If there’s one word that pervades gay communities around the country its “PRIDE.” It’s symbolized with rainbow flags, public displays of affection among our love ones and the occasional parade down Main Street. But oddly enough there is one place gay and bisexual men are neglecting to show their true colors – their doctor office. New York’s Center for Disease Control (CDC) released a study showing that 4 in10 gay men were not out to their doctor. It identified minorities at the top of the list, contributing to them being less likely to be tested for infectious diseases and other illnesses.

As discussed in my recent article, “Save the Tatas: Male Breast Cancer,” when it comes to any illness, early detection is key. However, patients and doctors share this responsibility. The CDC recommends that doctors make screening for specific infections regular practice – and it’s not all about HIV/AIDS. Dr. Kevin Fenton, director of the National Center for HIV/AIDS, Viral Hepatitis, STD, and TB Prevention at the CDC, shared with the New York Times that other infectious disease, such as syphilis and gonorrhea are a “major threat to gay and bisexual men’s health.” One study showed that more than a third of men who tested positive for gonorrhea, were initially missed due to the fact doctors did not test patients from all potential points of infection (throat, genitals and rectum).

In some of these cases doctors may have been more vigilant if patients had shared their sexual practices. Fair or not, gay and bisexual men are at greater risk of some infections. 17% of these men are more likely to develop anal cancer. Additionally, contraction of human papillomavirus (HPV) (a sexually transmitted infection) increases those risks, especially for individuals with already weakened immune systems.

So what’s a guy to do? How do you find the right

doctor and how do you identify yourself as a card-carrying member? For starters, when looking for a general practitioner ask your friends for referrals or your local GLBT community center.
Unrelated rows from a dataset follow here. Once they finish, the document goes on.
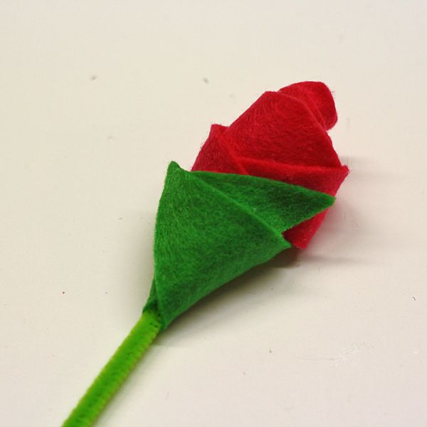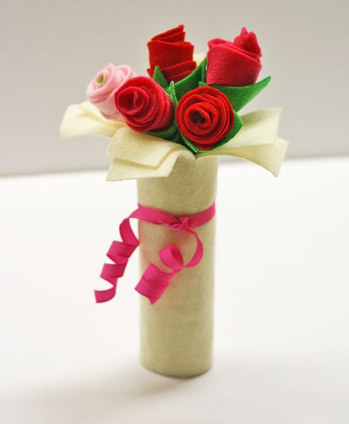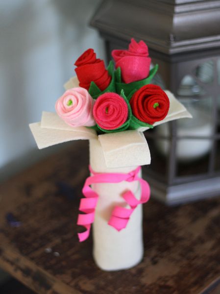 Em seguida, para finalizar a sua peça, vire a outra ponta do feltro para dentro e cole. E amarre um pedaço de fita em seu buquê. E está pronto!
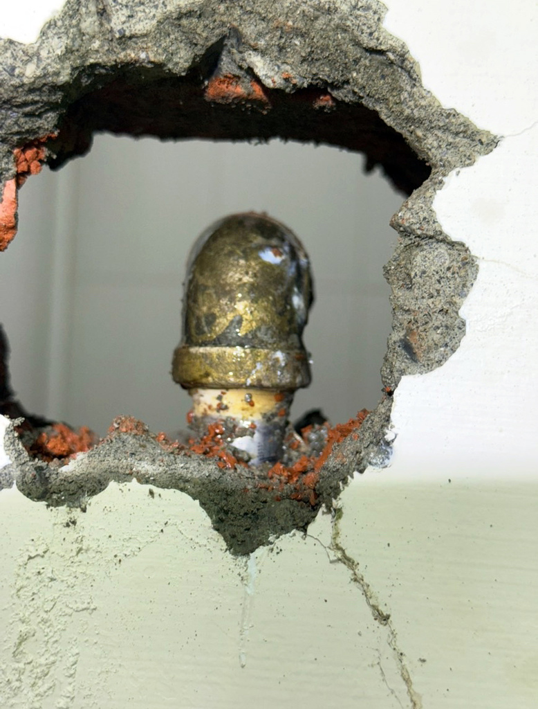 ▼淋浴柱的熱水管路中的彎頭破裂了,導致水不斷滲出。
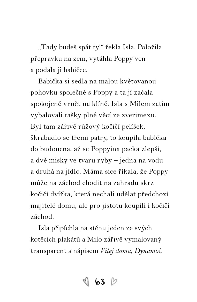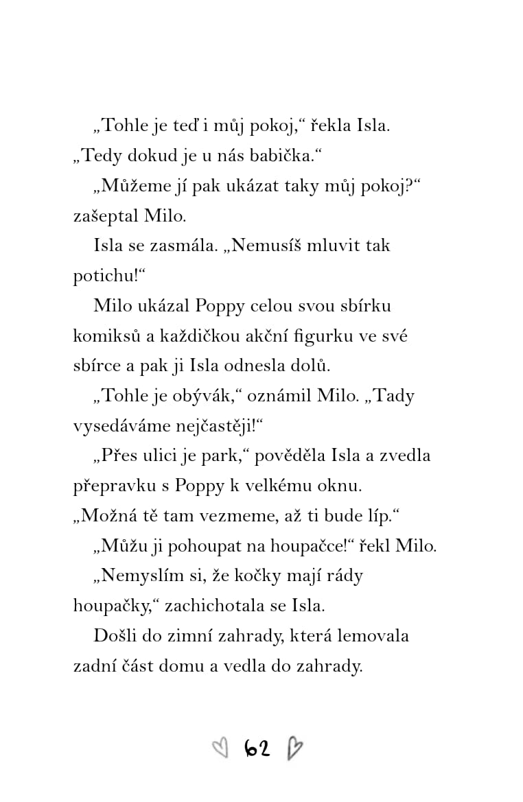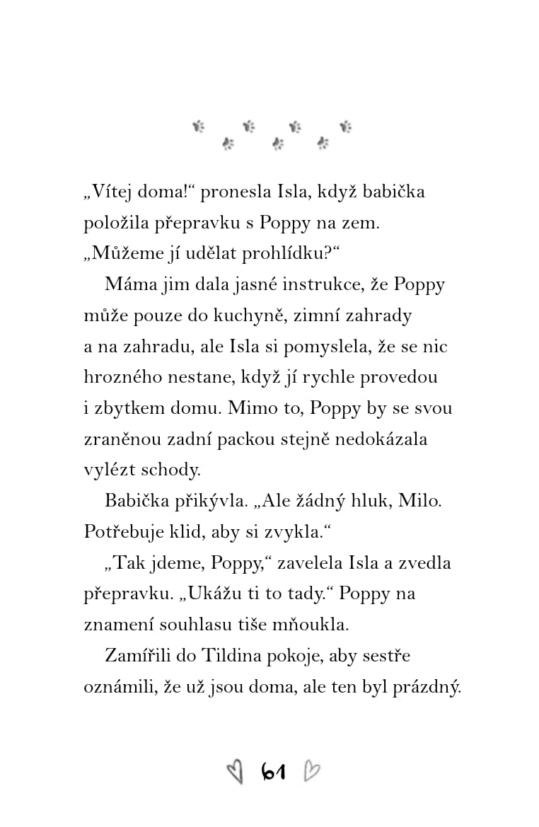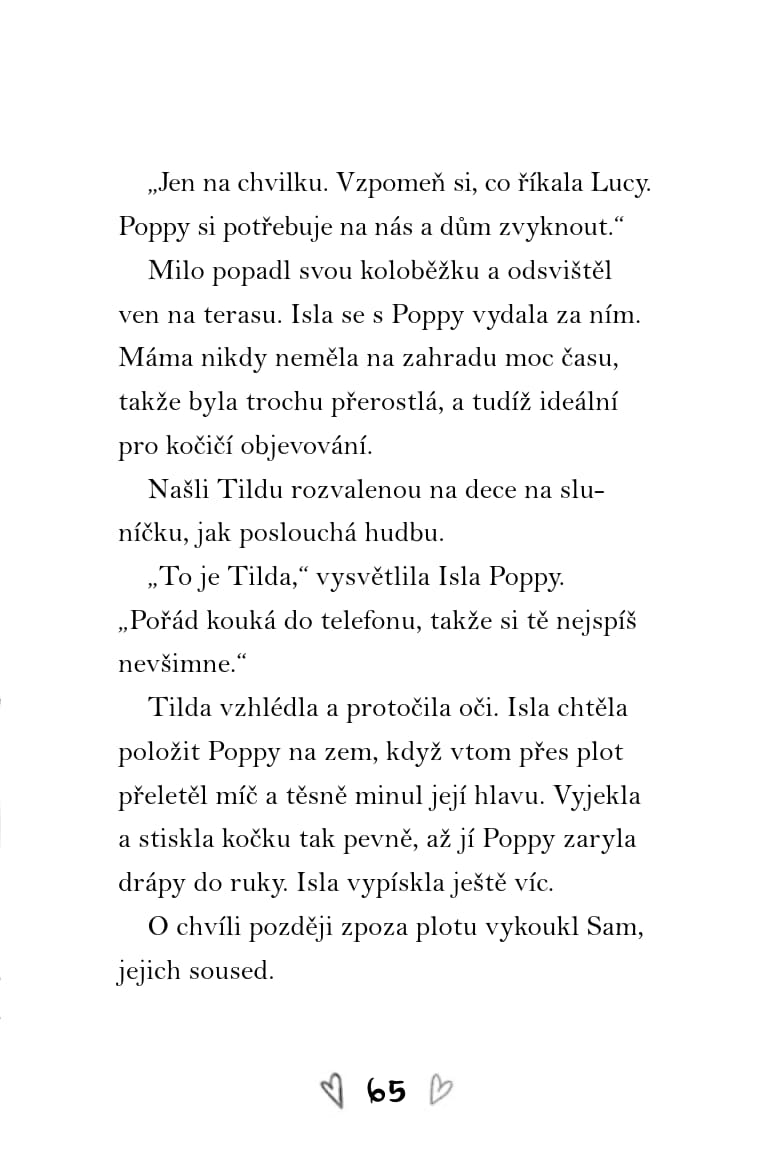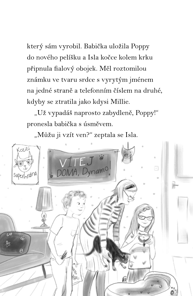 Isla Palmerová bláznivě miluje kočky a touží mít nějakou doma. Jenže maminka jí to nedovolí, protože už se stará o zvířata ve veterinární ordinaci, kde pracuje. Pak se ale Isla setká s Poppy, rozkošnou opuštěnou kočkou, která potřebuje milující domov. V útulku není místo, a tak si ji Isla smí dočasně vzít domů. Netrvá dlouho a kočka změní život celé rodině. A navíc: není jediná, která potřebuje domov…

You can also contact your insurance provider and ask them for a list of gay-friendly doctors. Many physical and mental health professionals will make this information available. It also may be easier to ask the tough questions before you make an appointment by phone. When you contact the office ask, “Does your practice have any GLBT patients?” One benefit of this is that you don’t have to give any personal information. But most importantly, know what to ask your doctor.

Gay/Bisexual men have unique needs. You should be able to talk with your doctor openly about your sexual practices. This includes sexually transmitted infections (STI) prevention techniques to routine medical practice, such as undergoing anal pap smears. If you’re uncomfortable asking these questions directly consider e-mailing your doctor ahead of time, or create a list you can hand to the doctor. Aside from having a healthier, more open relationship with your doctor, these practices also may relieve increased levels of depression and anxiety. Gay and bisexual men have been shown to be at higher risk of mood disorders – also putting them at greater risk of suicidal behavior, by a whopping 16% greater than their straight counter parts. That behavior can manifest beyond the traditional concepts – such as taking one’s life. In some cases, individuals participate high-risk sexual practices, purposely contracting and spreading infections.

The numbers alone can – and do – scare us away from the doctor. Some individuals suffer an onset of increased blood pressure just walking into the office (usually referred to white-coat syndrome). We also have our own cultural misconceptions; such as if you go to the doctor you’ll get sick. Additionally, there’s the fear of being discriminated or denied service. These are no easy hurdles for potential patients, but make no mistake – your well-being depends on overcoming them. And that’s something you can take real pride in.